■ **WHAT IS BEING ASKED**
Only the lines from the top of the listing below through the line containing "desplazamientos (adelante, al" should be output, exactly and with no pictures.

■ **SOURCE MATERIAL**
>>>>>
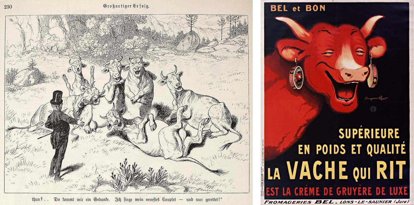 à droite : Affiche publicitaire pour La Vache qui rit, 1926
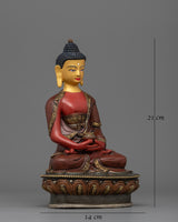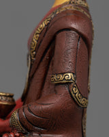 The Amitabha Sukhavati Statue is 8.3 inches tall and is wonderfully fashioned from oxidized copper with dazzling 24K gold plating. This statue, embellished with intricate gold and acrylic paints, reflects the serene presence of Amitabha, the Buddha of Infinite Light. This petite yet wonderfully carved statue, which stands on a 5.5-inch base and weighs 1.10 kg, is suitable for personal altars or meditation areas, providing as a powerful reminder of Amitabha's Pure Land of Sukhavati and the road to enlightenment.
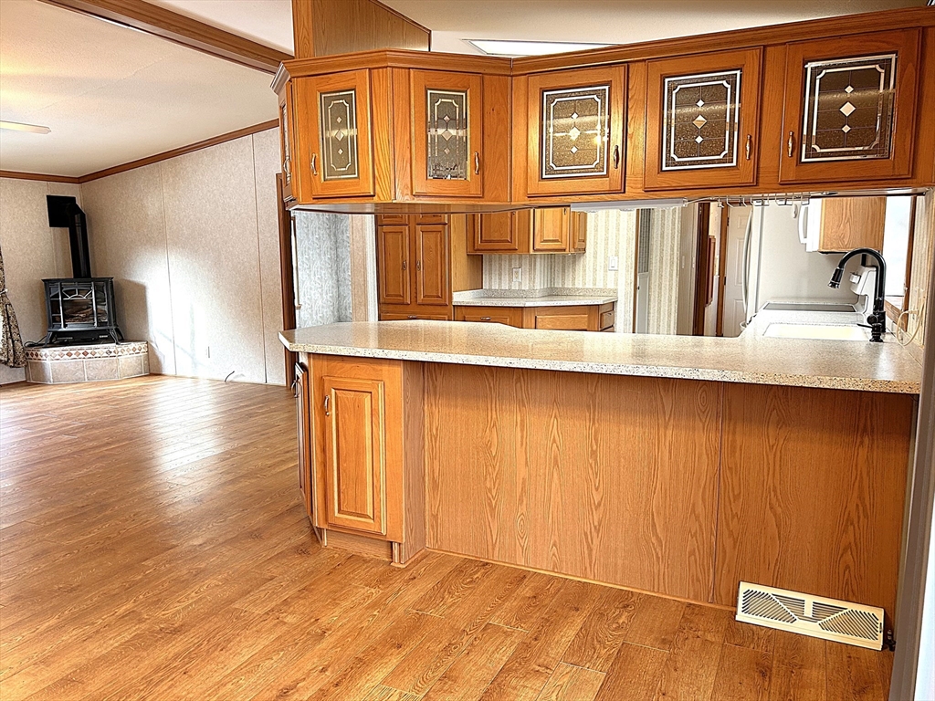Meticulously maintained, updated and move-in ready, this bright manufactured home sits on a spacious, level corner lot with composite deck, two sheds, greenhouse, raised gardens, and mature perennials. The sun-filled kitchen features solid-surface counters, skylights, and abundant cabinetry. An open layout with a cozy propane stove is ideal for entertaining. Three bedrooms offer walk-in closets! The furnace is only about 1 year old! Enjoy a park-like community with indoor pool—don’t miss this one!
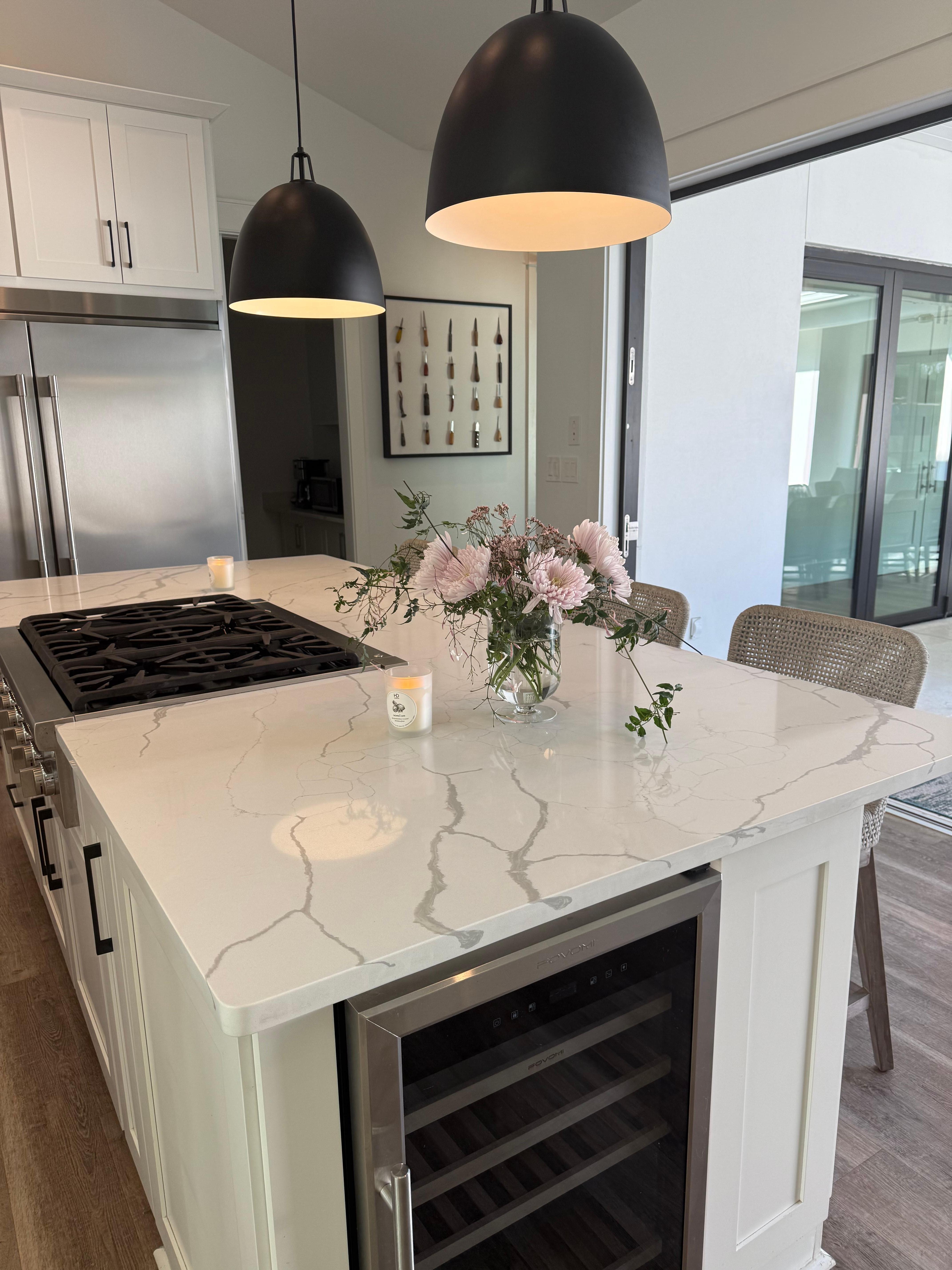 Adorned with plush furnishings, a cozy fireplace, and a large TV, the living space has a generous seating area. Family will also gather around the expansive quartz island countertop that seamlessly connects the living room to the impressive chef’s kitchen. With top-of-the-line appliances, which includes a 6-burner gas range, double wall ovens, two dishwashers, and an oversized fridge, the kitchen is a culinary delight.
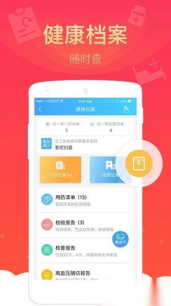 健康档案随时可查:完整记录公立医疗机构的诊疗信息与体征数据;
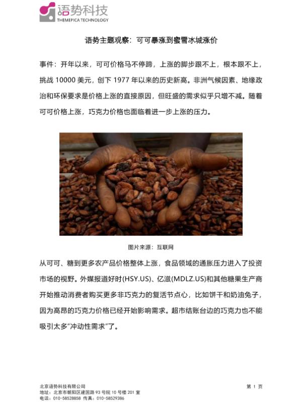 【北京语势科技有限公司】语势主题观察:可可暴涨到蜜雪冰城涨价-4页 行业研究
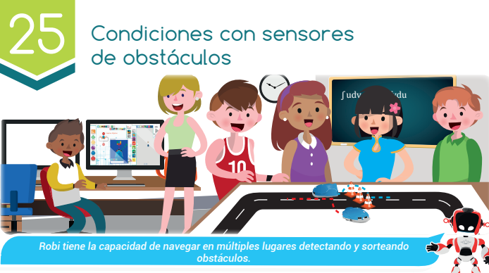 desplazamientos (adelante, al lado, hacia atrás, giros) para que Robi se mueva
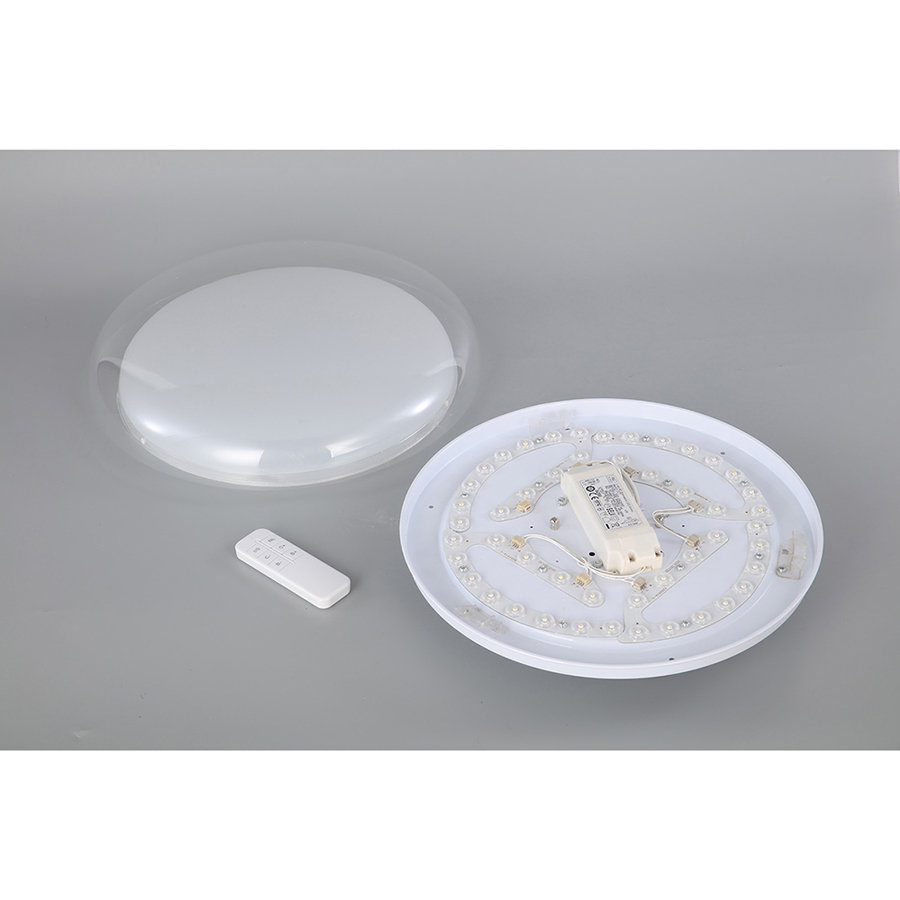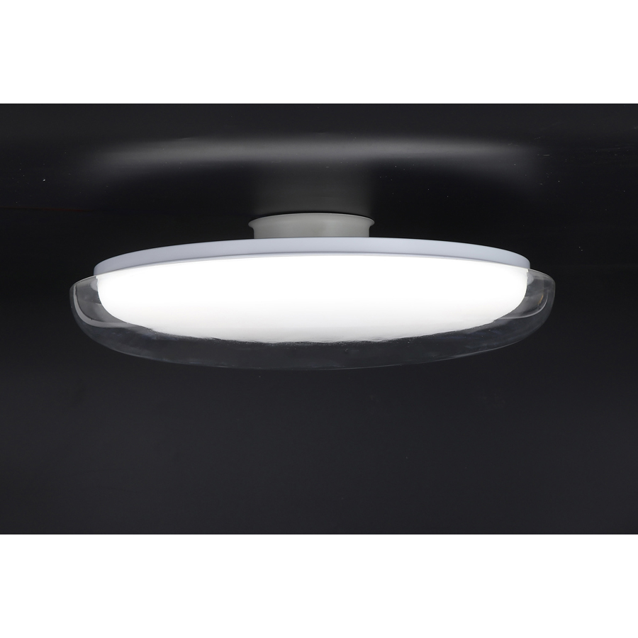 The FocusLight Gloss LED ceiling lamp (Ø 50 cm, clear/white) combines modern elegance and smart functionality — made of durable PMMA plastic and metal with a two-layer design, it has an inner white diffuser for soft, even lighting and an outer clear shell to lend a light, airy aesthetic. With 36 W LED (included), it delivers 4600 lumens and supports stepless dimming (via remote control), along with an adjustable color temperature range of 3000 K to 6500 K. Memory functionality retains your last brightness and color settings. Easy to install via hook mounting with included plug, it’s ideal for living rooms, bedrooms, or workspaces, offering both style and practical illumination
<<<<<
■ **ANSWER SECTION**
 à droite : Affiche publicitaire pour La Vache qui rit, 1926
 The Amitabha Sukhavati Statue is 8.3 inches tall and is wonderfully fashioned from oxidized copper with dazzling 24K gold plating. This statue, embellished with intricate gold and acrylic paints, reflects the serene presence of Amitabha, the Buddha of Infinite Light. This petite yet wonderfully carved statue, which stands on a 5.5-inch base and weighs 1.10 kg, is suitable for personal altars or meditation areas, providing as a powerful reminder of Amitabha's Pure Land of Sukhavati and the road to enlightenment.
Meticulously maintained, updated and move-in ready, this bright manufactured home sits on a spacious, level corner lot with composite deck, two sheds, greenhouse, raised gardens, and mature perennials. The sun-filled kitchen features solid-surface counters, skylights, and abundant cabinetry. An open layout with a cozy propane stove is ideal for entertaining. Three bedrooms offer walk-in closets! The furnace is only about 1 year old! Enjoy a park-like community with indoor pool—don’t miss this one!
 Adorned with plush furnishings, a cozy fireplace, and a large TV, the living space has a generous seating area. Family will also gather around the expansive quartz island countertop that seamlessly connects the living room to the impressive chef’s kitchen. With top-of-the-line appliances, which includes a 6-burner gas range, double wall ovens, two dishwashers, and an oversized fridge, the kitchen is a culinary delight.
 健康档案随时可查:完整记录公立医疗机构的诊疗信息与体征数据;
 【北京语势科技有限公司】语势主题观察:可可暴涨到蜜雪冰城涨价-4页 行业研究
 desplazamientos (adelante, al lado, hacia atrás, giros) para que Robi se mueva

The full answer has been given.